Я безнадежно покачал головой.

— Тебе померещилось, ты был не в себе, — сказал я. — Ты, наверно, все, что пережил, там, в яме, увидел. А видение это только одно означает — ничего нельзя сделать, чтобы помешать…

— Неминуемому? — докончил он за меня. И покачал головой. — Нет, это или всемогущий бог, или же сам сатана тащил меня туда, вниз.

— Брось, — возражал я, но Носарь стоял на своем.

— Он за мной охотится. Нарочно все дела бросил, перестал судьбы вершить, как говорил пастор. Добирается до меня, вот как добрался до нашего малого.

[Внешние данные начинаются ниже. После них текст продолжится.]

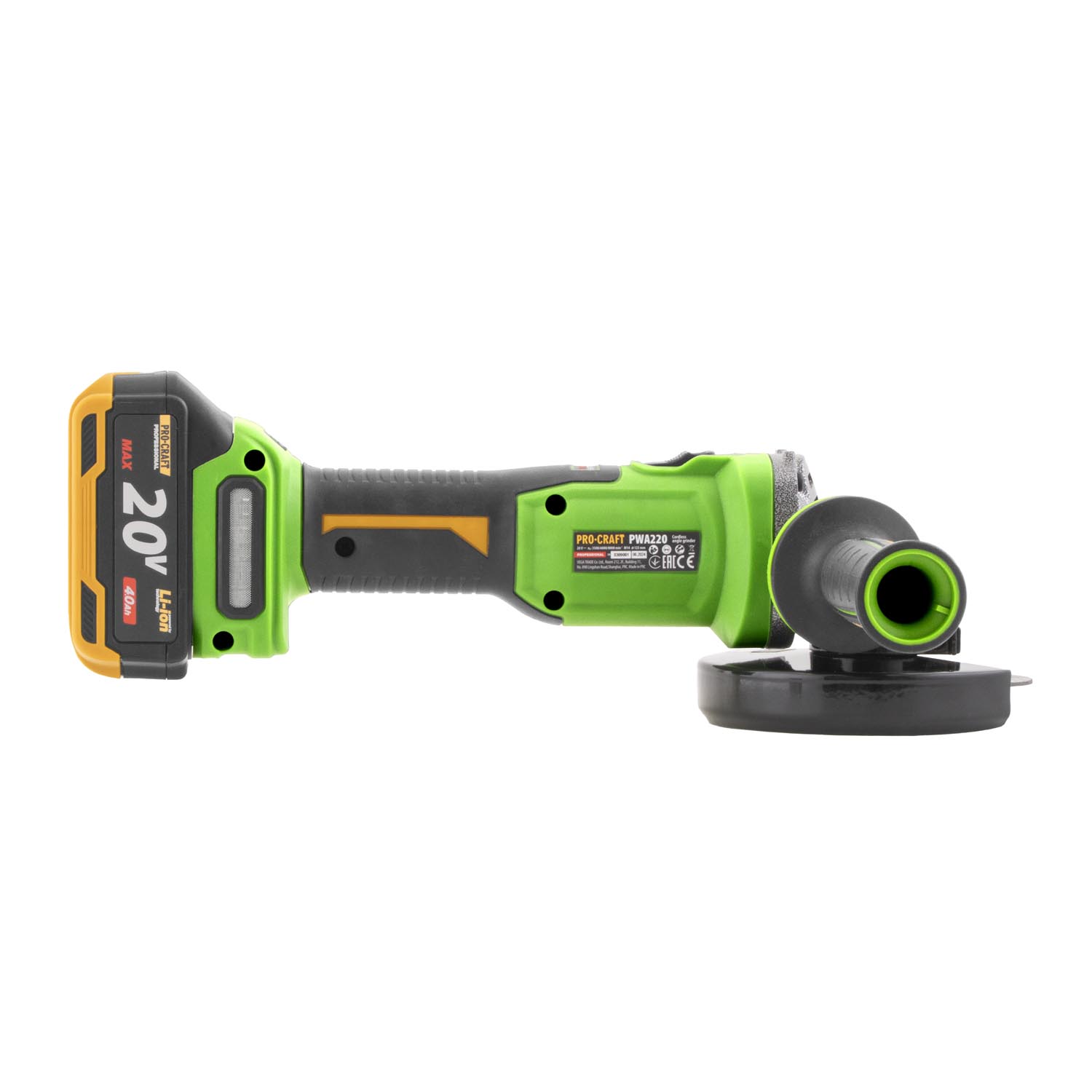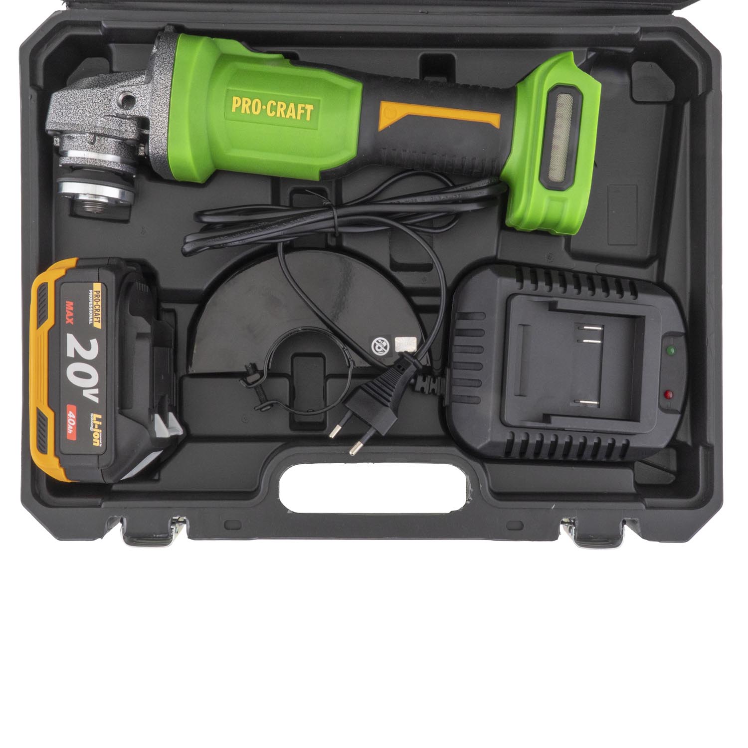 Procraft PWА220 - akumulátorová úhlová bruska (s 4,0 Ah akumulátorem a nabíječkou)

Я все на свете отдал бы за то, чтоб поглядеть на часы и узнать, долго ли мне еще терпеть. Но об этом нечего было и думать. Стоило мне только голову повернуть, как он чуть не до потолка подскакивал. Было, наверно, около трех ночи. Помню, он все время тер пальцами одной руки ладонь другой, а глядел мимо, куда-то вниз, сквозь ковер. Помню, я твердил себе, что нельзя спать. Но все равно я заснул прямо на стуле, и подушкой мне была моя собственная грудь. А когда я проснулся, комнату заливало солнце. Носарь исчез. Я помнил смутно — а может, мне это приснилось, — что он взял меня за подбородок и сказал тихо:

— Не бойся, старик. Спи. Мне теперь полегчало.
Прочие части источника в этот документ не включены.